** Extracted entries follows **

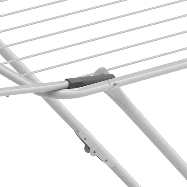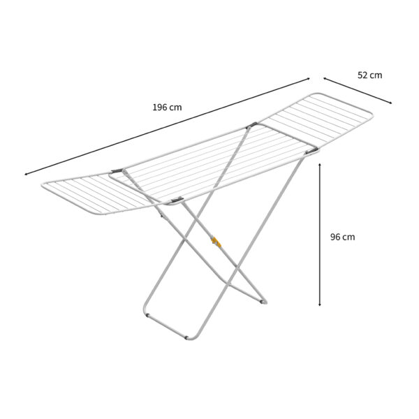 Vakaa kuivausteline, jossa on patentoitu siipien lukitusrakenne helppoa käsittelyä ja kuljettamista varten. Turvallinen jalkojen lukitusmekanismi varmistaa vakauden käytön aikana. Kokonaiskuivausnarun pituus: 20 m.
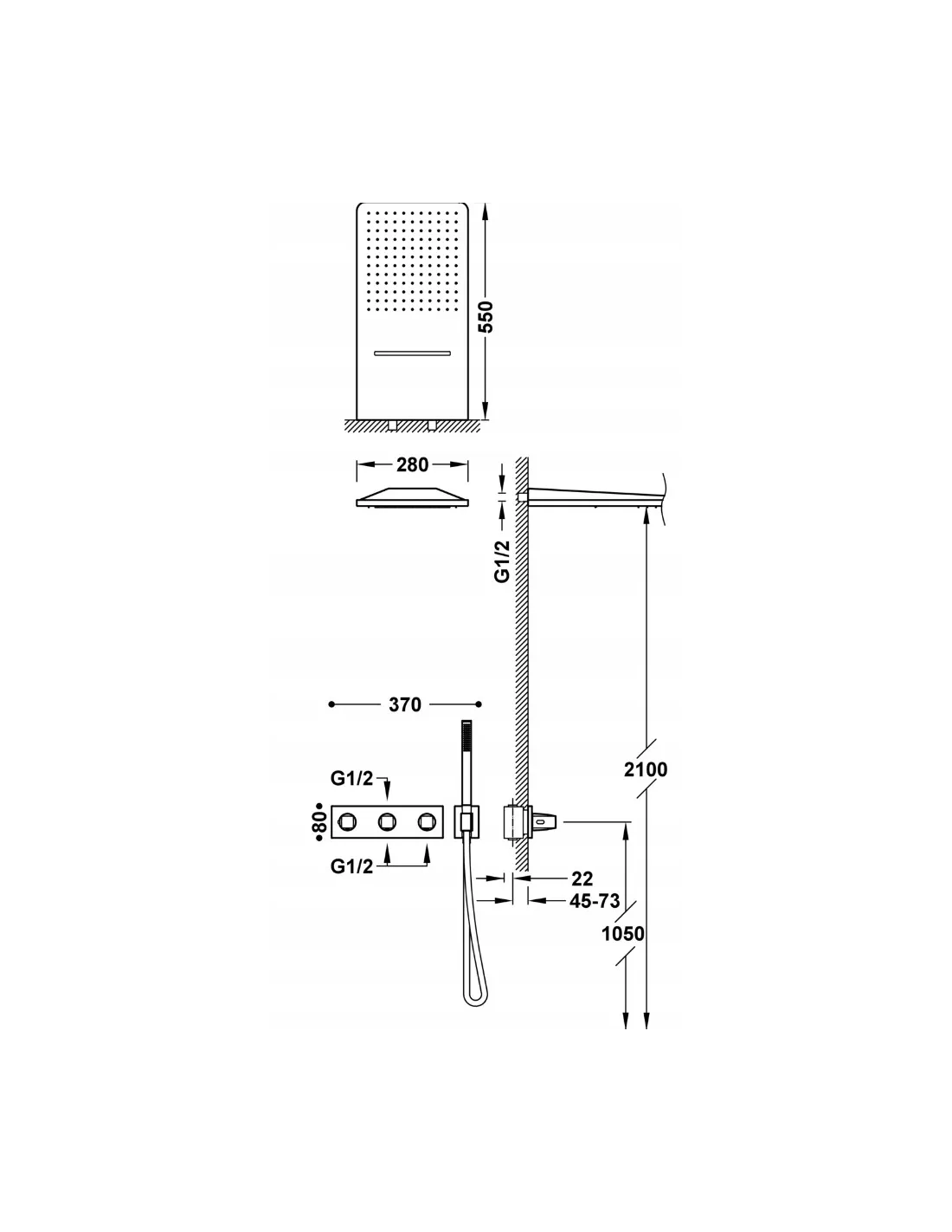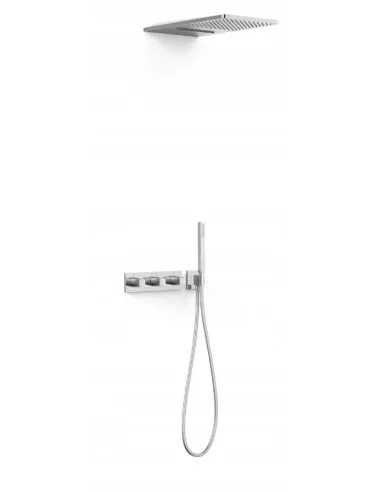 · W zestawie korpus podtynkowy termostatyczny o instalacji poziomej.· Regulator natężenia przepływu i rozgałęźnik 3-drożny.· Pokrętło kwadratowo-okrągłe.· Deszczownica naścienna ze stali nierdzewnej z 2 rodzajami strumienia (deszcz/kaskada). 280x550 mm. WAŻNE:Zamontować spust &gt
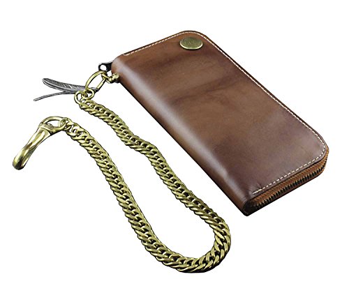 Zipper Chief Head Mens Biker Genuine Leather Wallet With Brass Pants Chain Brown
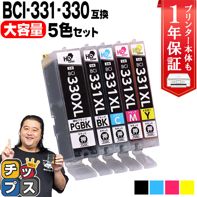 | 純正品番 | BCI-330XLPGBK ( 5113C001 ) BCI-331XLBK ( 5114C001 ) BCI-331XLC ( 5115C001 ) BCI-331XLM ( 5116C001 ) BCI-331XLY ( 5117C001 ) |
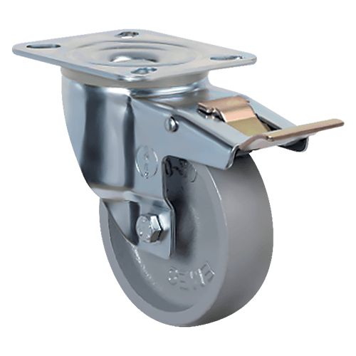 Колесо EMES EM01 VKV 80 F устанавливается на передвижное оборудование, которое используется при высоких температурных режимах. Устойчиво к осевым и радиальным нагрузкам, имеет высокую несущую способность. Изготовлено из высокопрочного чугуна, поворотный кронштейн с тормозом — из оцинкованной стали. Не рекомендуется к использованию на полах из хрупких материалов.
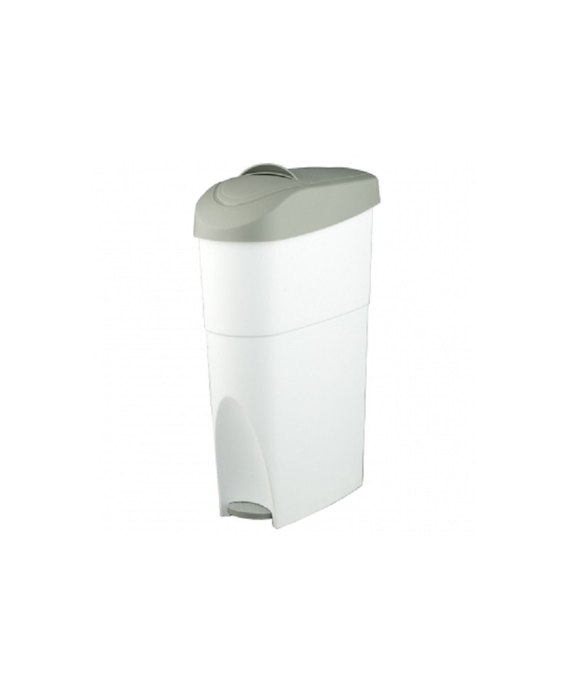 Papelera – contendor higiénica femenina esta fabricada em material Plástico ABS gris con capacidad de 20 Litros, consta de cabezal reversible y tapa basculante integrada . Contenedor para depositar las compresas sanitarias femeninas. Trampilla para depositar las compresas, integrada en tapa superioir y con apertura mediante pedal.

** End of Extracted entries **

## Required work
Pictures are to be left out when the lines from the one containing "Zipper Chief Head" through the end of the records above are repeated exactly; no other line is wanted.

## Result
 Zipper Chief Head Mens Biker Genuine Leather Wallet With Brass Pants Chain Brown
 | 純正品番 | BCI-330XLPGBK ( 5113C001 ) BCI-331XLBK ( 5114C001 ) BCI-331XLC ( 5115C001 ) BCI-331XLM ( 5116C001 ) BCI-331XLY ( 5117C001 ) |
 Колесо EMES EM01 VKV 80 F устанавливается на передвижное оборудование, которое используется при высоких температурных режимах. Устойчиво к осевым и радиальным нагрузкам, имеет высокую несущую способность. Изготовлено из высокопрочного чугуна, поворотный кронштейн с тормозом — из оцинкованной стали. Не рекомендуется к использованию на полах из хрупких материалов.
 Papelera – contendor higiénica femenina esta fabricada em material Plástico ABS gris con capacidad de 20 Litros, consta de cabezal reversible y tapa basculante integrada . Contenedor para depositar las compresas sanitarias femeninas. Trampilla para depositar las compresas, integrada en tapa superioir y con apertura mediante pedal.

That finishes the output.